Excerpt
Do you know where your tap water comes from? Two thirds of Oregonians get their water from surface sources and most Oregon tap water originates on federal lands, primarily national forests. Rain and snowmelt from forests are collected, treated (sometimes only minimally because the initial quality is excellent) and delivered to businesses, schools and household taps.
Intact forests are natural reservoirs that absorb, store, filter and gradually release water to forest streams. Logging and road building in forest watersheds degrades their natural hydrology. Water that once percolated slowly through stable soils runs off more quickly, carrying with it soil and other sediments. Logged watersheds have both earlier peak flows and greater storm volumes than do pristine watersheds that maintain more consistent flows through the hot summer months.
Logging reduces water quantity in other ways as well. An intact old-growth conifer forest "harvests" water from fog, as droplets condense from the moist air onto the needles, then drop to the ground. The surface area of the needles of a single old-growth Douglas-fir tree, if spread flat, would cover a football field. This "fog drip" contributes up to one third of all precipitation in Portland's Bull Run municipal watershed and, in many Northwest watersheds, may be the only source of summer precipitation.

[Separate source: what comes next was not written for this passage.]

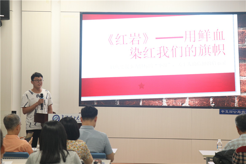 学生代表尹振浩以《红岩——用鲜血染红我们的旗帜》为题,展示了齐晓轩、许云峰、江雪琴等共产党人在狱中所进行的英勇战斗的可歌可泣的英雄群像。他高声朗诵刘思扬最后的诗“同志们,听吧!像春雷爆炸的,人民解放军的炮声! 人民解放了! 人民胜利了!我们——没有玷污党的荣誉! 我们……”,现场无不为之动容。

Of course, when the trees are logged, fog drip no longer occurs. Moreover, without shade from the standing forest, the sun evaporates even more water from the soil. This decreases the amount of water "migrating" into the streams and rivers during the dry summer months when the demand for municipal and irrigation water is greatest. The combination of high summer demand (related to increased population and per capita consumption) and reduced supply (related to roading and logging) may ultimately force us to drink from dirty rivers full of agricultural chemicals, dioxin and sewage. Clackamas area water planners, for example, could be driven to tap the polluted lower Willamette River (home to toxic three-eyed fish), while timber interests continue to deforest and dewater the Clackamas River watershed.